ENTRIES SHOWN:
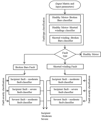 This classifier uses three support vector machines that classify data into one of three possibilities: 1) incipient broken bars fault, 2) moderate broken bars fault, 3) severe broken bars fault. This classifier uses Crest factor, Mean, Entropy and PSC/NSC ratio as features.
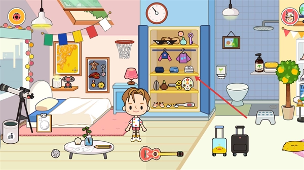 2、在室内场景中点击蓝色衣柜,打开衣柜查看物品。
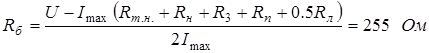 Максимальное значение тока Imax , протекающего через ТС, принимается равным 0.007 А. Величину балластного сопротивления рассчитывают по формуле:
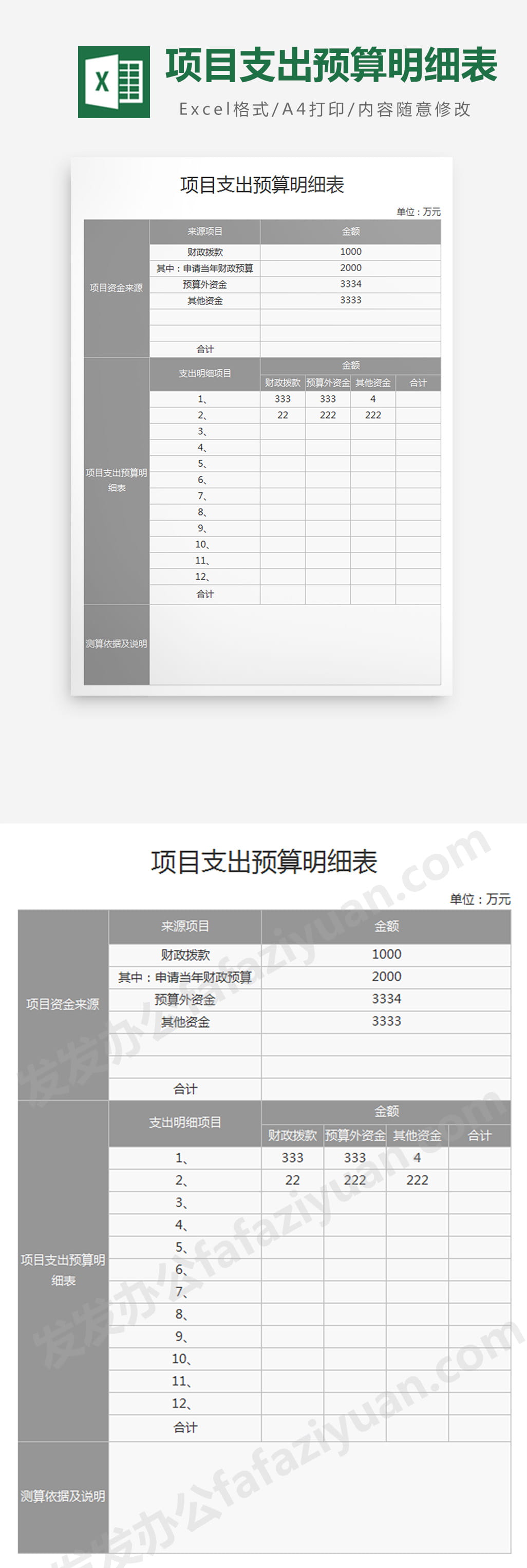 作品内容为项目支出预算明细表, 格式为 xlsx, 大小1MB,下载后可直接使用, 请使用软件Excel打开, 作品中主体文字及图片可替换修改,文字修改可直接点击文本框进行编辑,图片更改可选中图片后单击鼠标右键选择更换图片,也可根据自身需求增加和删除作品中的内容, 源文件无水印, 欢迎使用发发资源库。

...

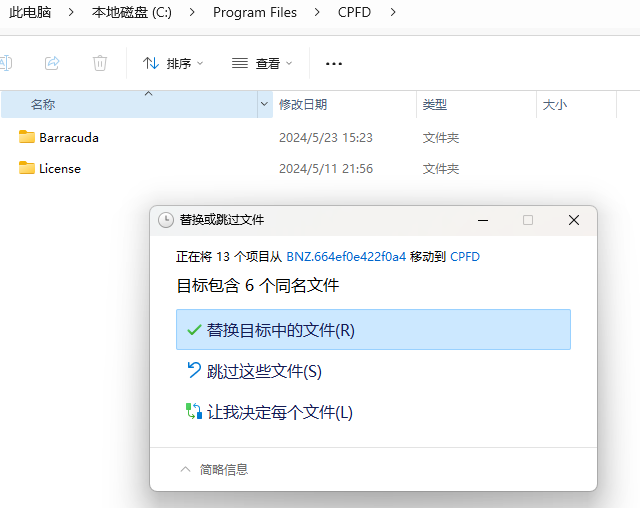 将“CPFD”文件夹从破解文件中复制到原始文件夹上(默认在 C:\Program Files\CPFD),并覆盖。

--

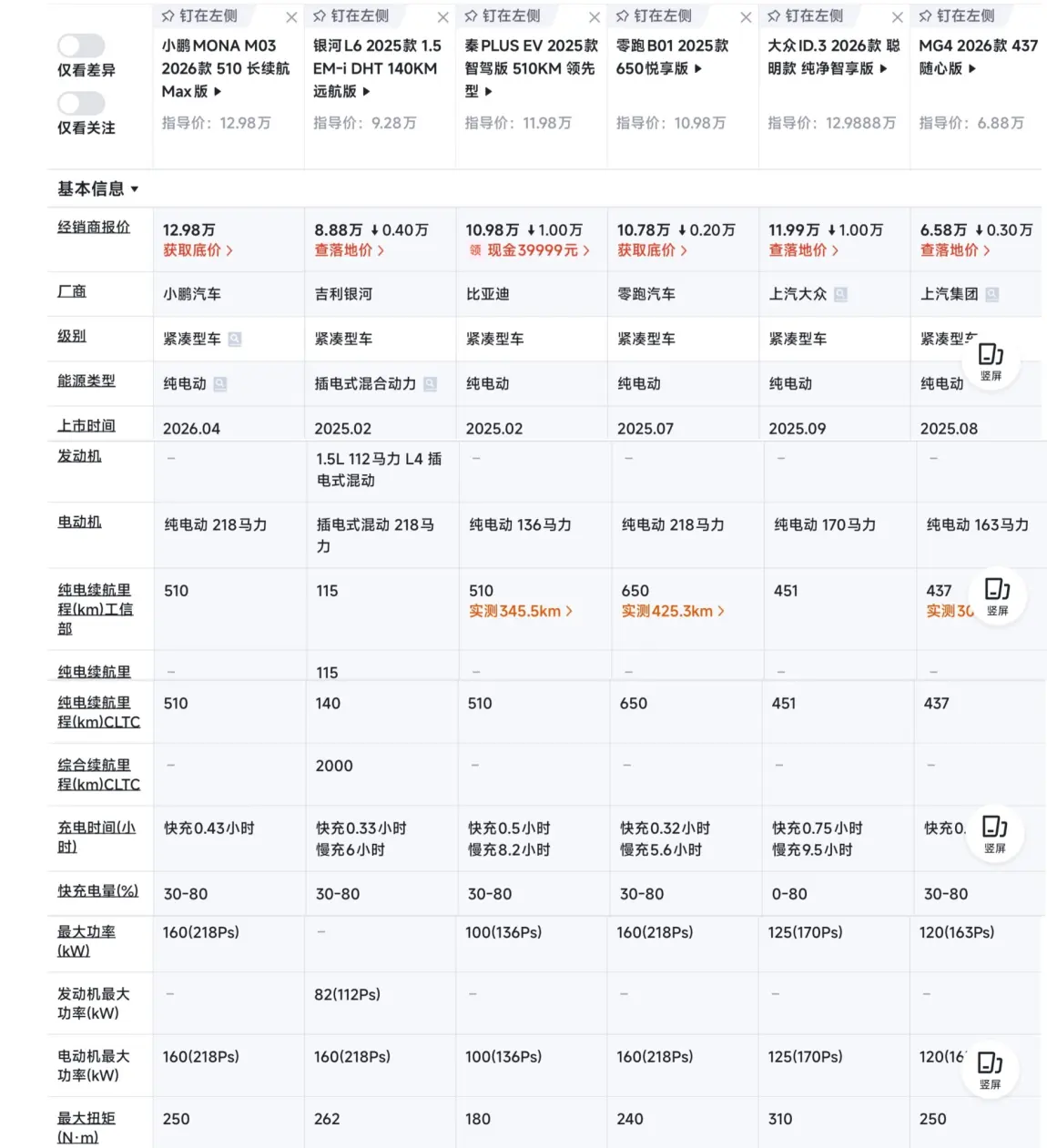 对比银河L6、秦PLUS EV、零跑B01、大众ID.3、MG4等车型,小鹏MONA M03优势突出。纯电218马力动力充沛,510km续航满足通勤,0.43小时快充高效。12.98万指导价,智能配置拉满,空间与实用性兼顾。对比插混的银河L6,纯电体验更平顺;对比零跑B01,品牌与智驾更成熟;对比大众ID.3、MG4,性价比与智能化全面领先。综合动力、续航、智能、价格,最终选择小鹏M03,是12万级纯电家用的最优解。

TRY IT:
In the records above, find the line containing "This classifier uses three" and the line containing "2、在室内场景中点击蓝色衣柜,打开衣柜查看物品。", then give both of them again word for word along with every line between. Omit any pictures.

FINAL ANSWER:
 This classifier uses three support vector machines that classify data into one of three possibilities: 1) incipient broken bars fault, 2) moderate broken bars fault, 3) severe broken bars fault. This classifier uses Crest factor, Mean, Entropy and PSC/NSC ratio as features.
 2、在室内场景中点击蓝色衣柜,打开衣柜查看物品。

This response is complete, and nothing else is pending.